## TASK INSTRUCTIONS:
Reproduce exactly only the lines from the line that holds "如果DAC的參考電壓為3.3" to the line that holds "- 相信同学们一定听过 IP地址。如图所示,这是网络 N1 中各设备的 IP 地址。", inclusive, in the listing below, and please leave out every picture.

## GIVEN RECORDS:
········
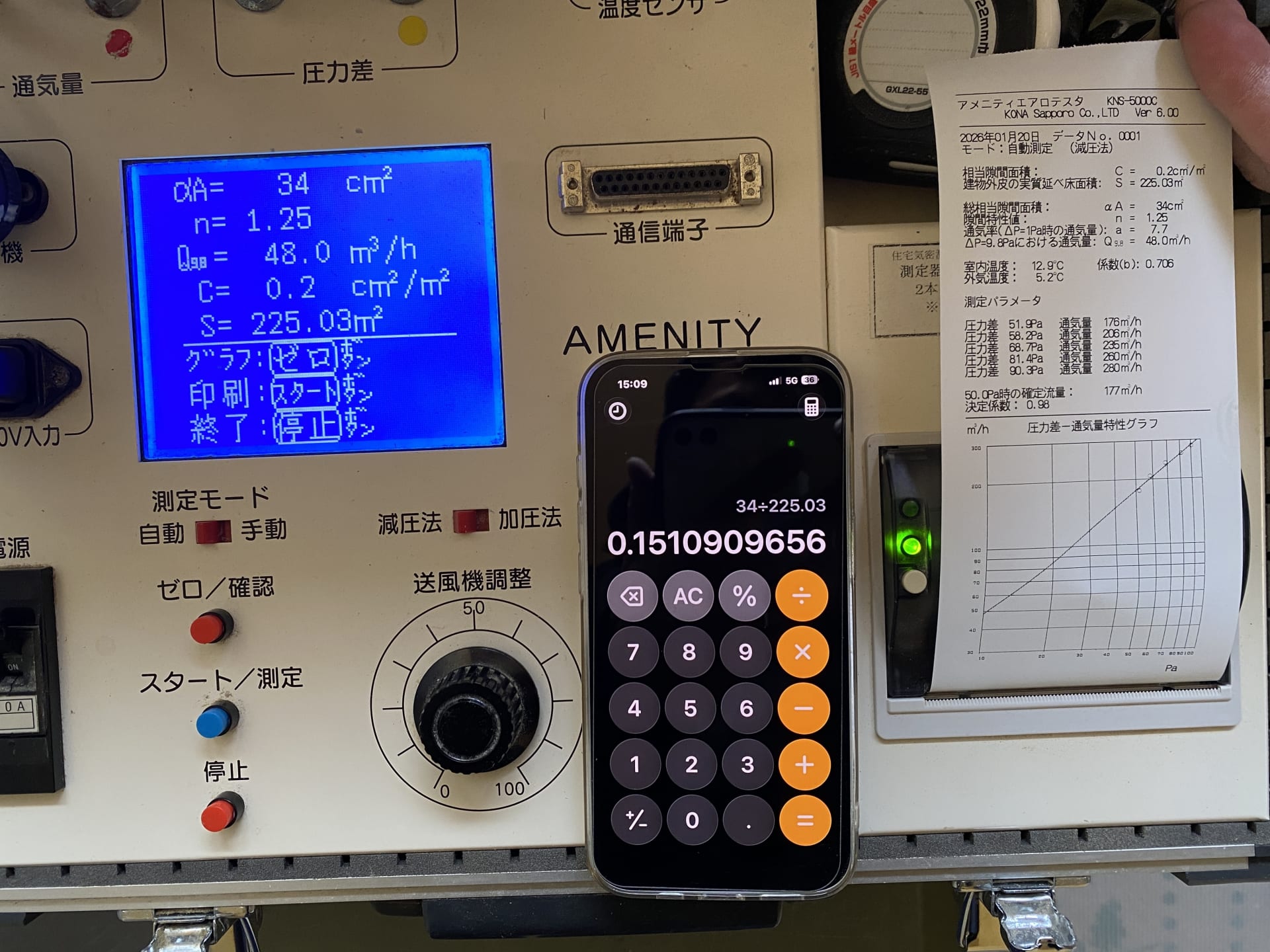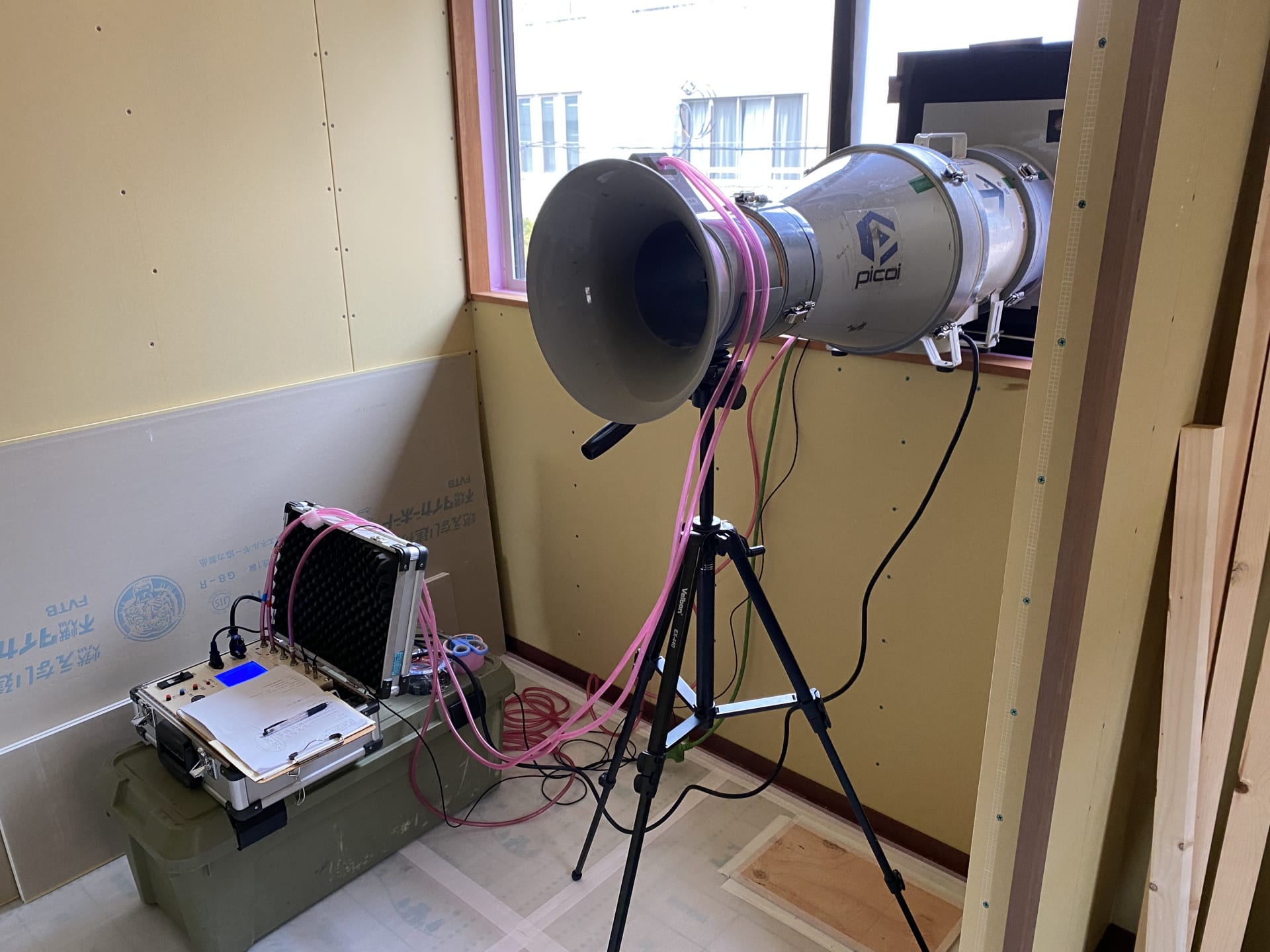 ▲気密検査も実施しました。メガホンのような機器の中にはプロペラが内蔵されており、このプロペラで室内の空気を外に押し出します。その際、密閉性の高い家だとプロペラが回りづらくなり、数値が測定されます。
········
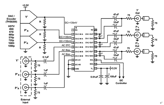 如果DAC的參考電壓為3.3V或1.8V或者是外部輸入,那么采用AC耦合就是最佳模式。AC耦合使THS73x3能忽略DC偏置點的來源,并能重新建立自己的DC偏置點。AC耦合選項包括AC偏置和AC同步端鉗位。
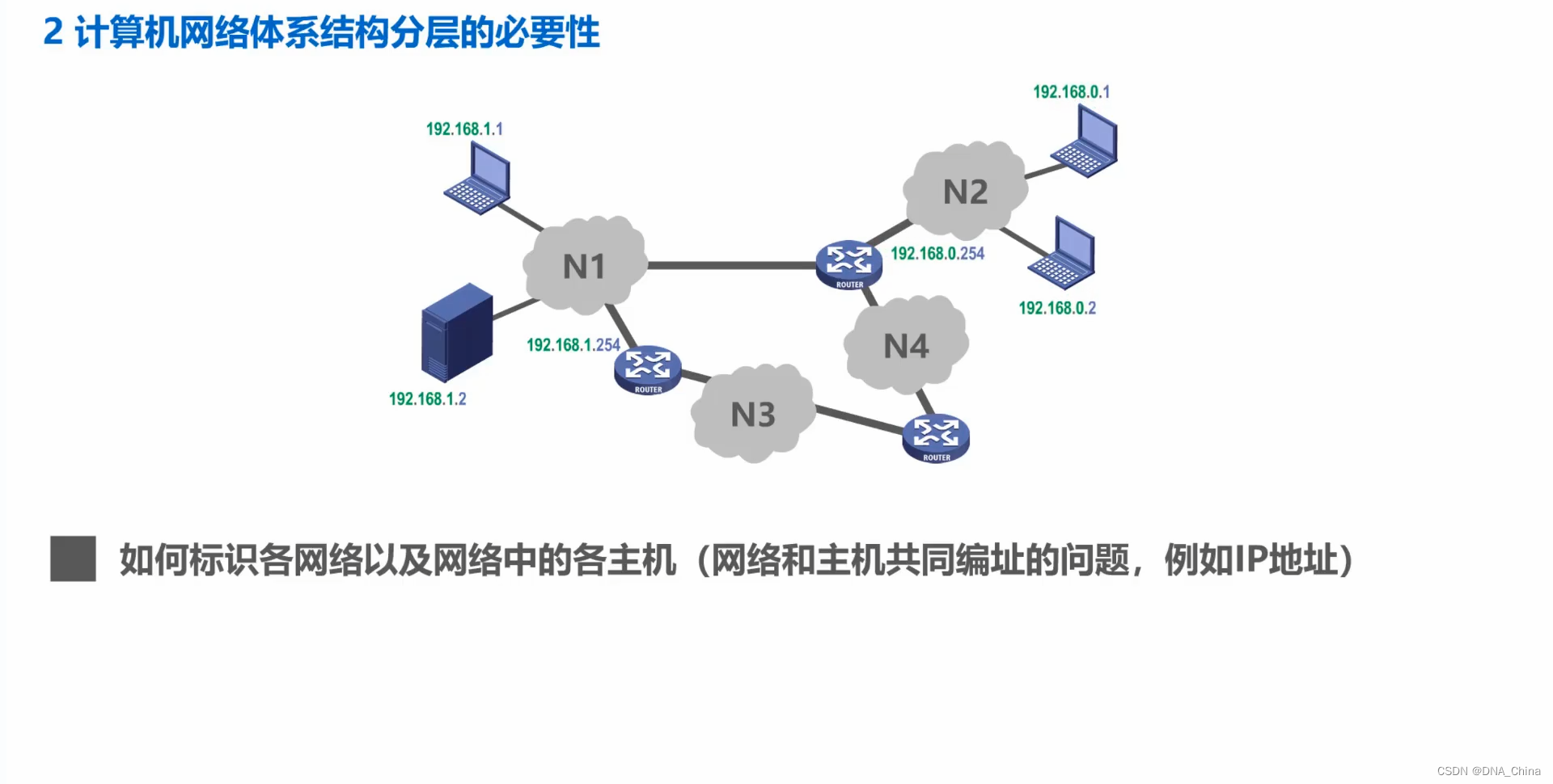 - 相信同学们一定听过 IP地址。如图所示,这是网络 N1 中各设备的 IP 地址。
········
## COMPLETED EXERCISE:
 如果DAC的參考電壓為3.3V或1.8V或者是外部輸入,那么采用AC耦合就是最佳模式。AC耦合使THS73x3能忽略DC偏置點的來源,并能重新建立自己的DC偏置點。AC耦合選項包括AC偏置和AC同步端鉗位。
 - 相信同学们一定听过 IP地址。如图所示,这是网络 N1 中各设备的 IP 地址。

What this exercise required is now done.